__Data for this exercise__

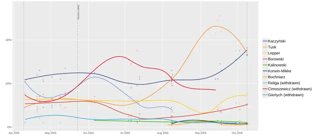 Presidential elections were held in Poland on 9 October and 23 October 2005. The outgoing President of Poland, Aleksander Kwaśniewski, had served the two five-year terms allowed under the constitution and was unable to stand for a third term. Lech Kaczyński defeated Donald Tusk to become President of Poland.
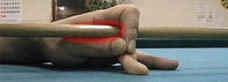 下の写真は真横から撮影したものですが、キューと指の触れている部分を赤く着色してみました。この部分が少ないと一箇所に大きな力が加わるのでキューは滑り難くなります。触れる面積を大きくすることで小さな力の集合がしっかりとしたレストとスムーズに振れるレストの矛盾を解決してくれます。
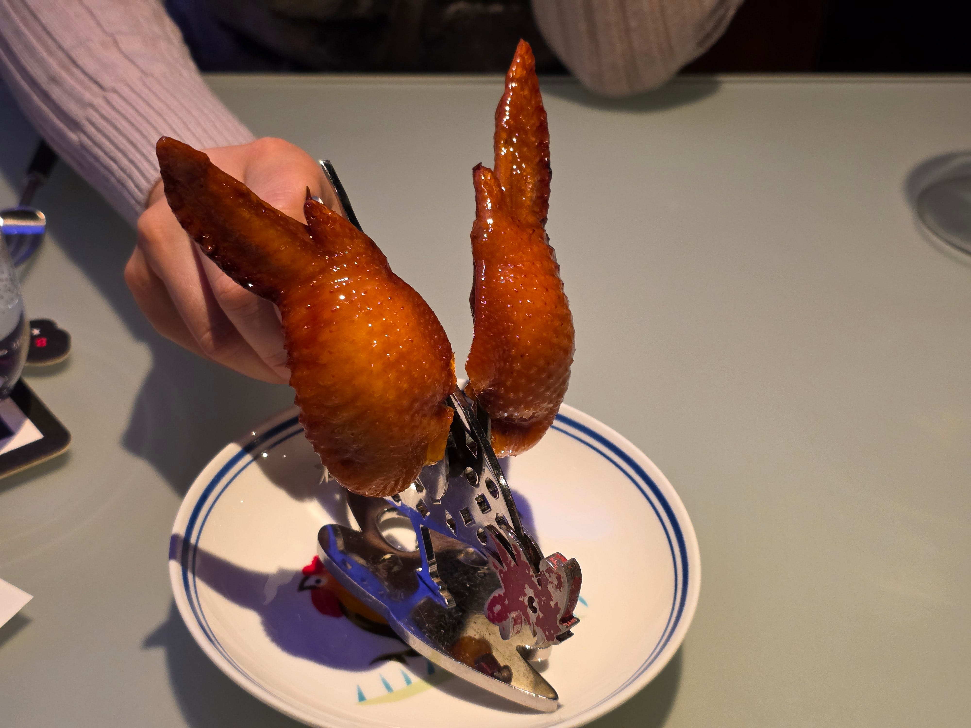 Moving back to the tasting menu, the stuffed chicken wing, deep fried to a crisp, stuffed with shrimp coral. The presentation was neat, with the wings mounted on a metal chicken.
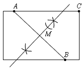 为进一步打造“宜居重庆”,某区拟在新竣工的矩形广场的内部修建一个音乐喷泉,要求音乐喷泉M到广场的两个入口A、B的距离相等,且到广场管理处C的距离等于A和B之间距离的一半,A、B、C的位置如图所示.请在答题卷的原图上利用尺规作出音乐喷泉M、位置.(要求:不写已知、求作、作法和结论,保留作图痕迹,必须用铅笔作图)![]()
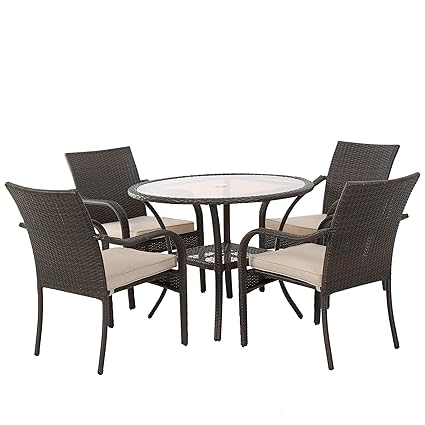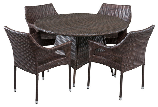 Gdf Studio 5 Piece Lorelei Outdoor Multibrown Wicker Dining Set
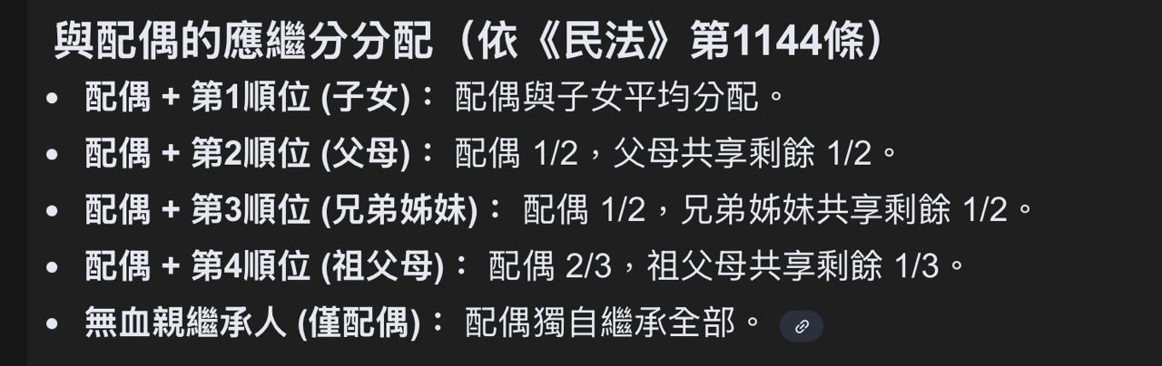 21F:→ mayko: 般來說配偶先拿一半是指這個),剩下的再與繼承人做繼承分配 12/07 21:52
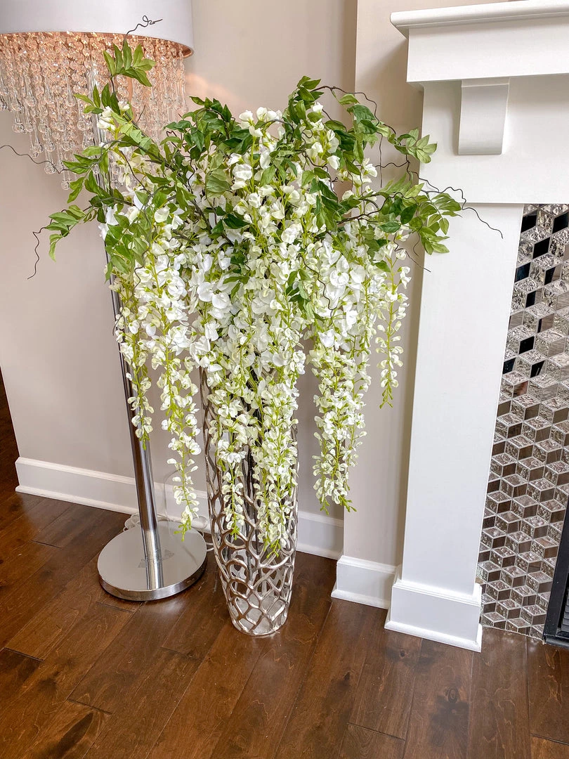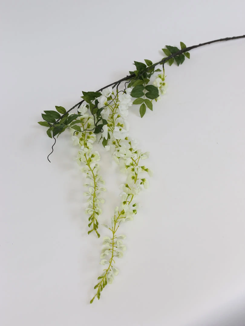 Description: This white wisteria stem is perfect for a large vase with some dazzling florals! The cascading blossoms and delicate leaves will look elegant and beautiful in any room of your home!
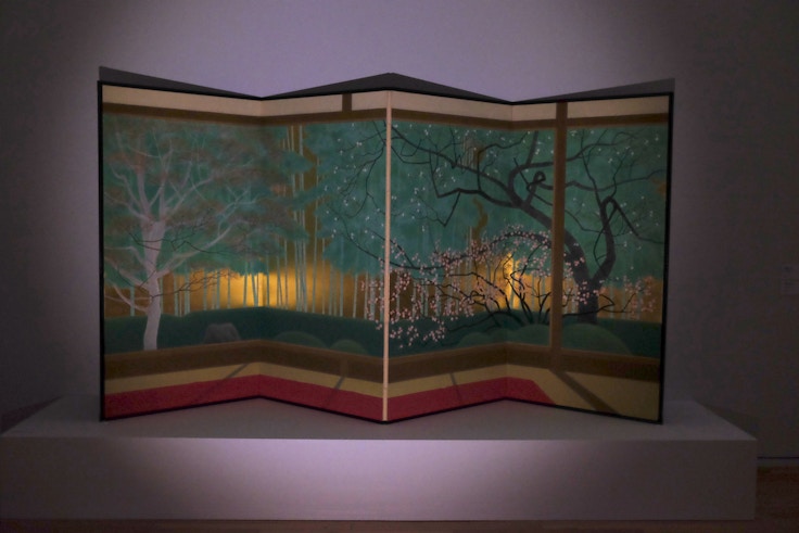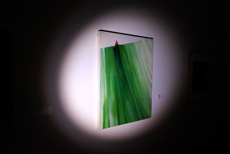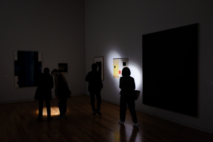 4つ目の章となる「PANORAMA パノラマ」では比較的大型の作品が展示される。一度にライトで照らせる範囲には限界があるため、大型作品の全体に光を当てながら観覧することは難しい。結果的に部分をスポットライトを当てるように見ていくことになる。並木功や大野俊明の屏風絵や李禹煥の大型絵画などの全体像を、細部からとらえるという稀有な体験ができる。これも、ガンダーの狙いなのかもしれない。
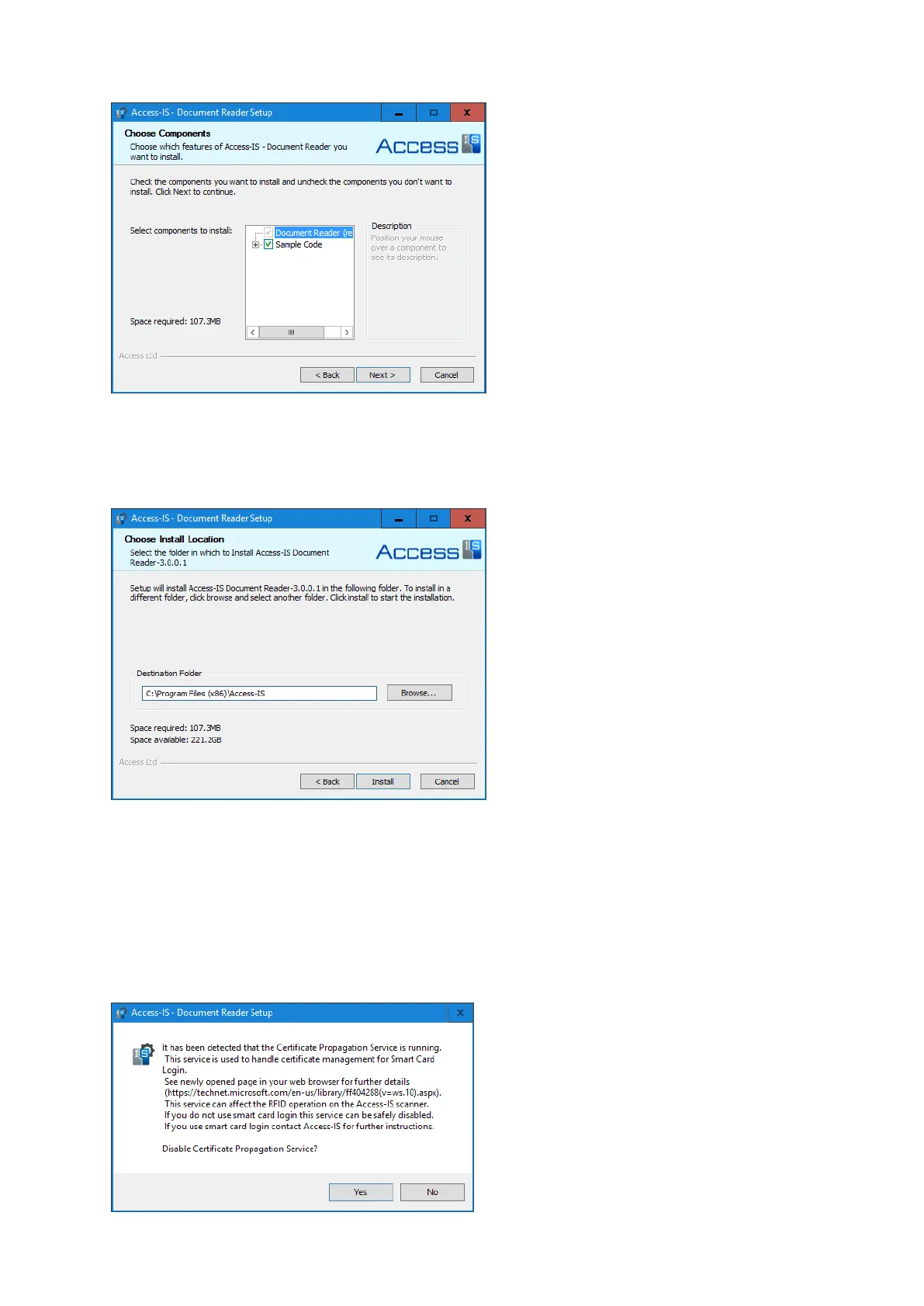 Certificate Propagation service. This service may affect the RFID operation of Access-IS

__What the task requires__
The answer must be an exact copy of the lines from the one that holds "Description: This white" through the end of the data, both included, with no pictures.

__Expected answer__
 Description: This white wisteria stem is perfect for a large vase with some dazzling florals! The cascading blossoms and delicate leaves will look elegant and beautiful in any room of your home!
 4つ目の章となる「PANORAMA パノラマ」では比較的大型の作品が展示される。一度にライトで照らせる範囲には限界があるため、大型作品の全体に光を当てながら観覧することは難しい。結果的に部分をスポットライトを当てるように見ていくことになる。並木功や大野俊明の屏風絵や李禹煥の大型絵画などの全体像を、細部からとらえるという稀有な体験ができる。これも、ガンダーの狙いなのかもしれない。
 Certificate Propagation service. This service may affect the RFID operation of Access-IS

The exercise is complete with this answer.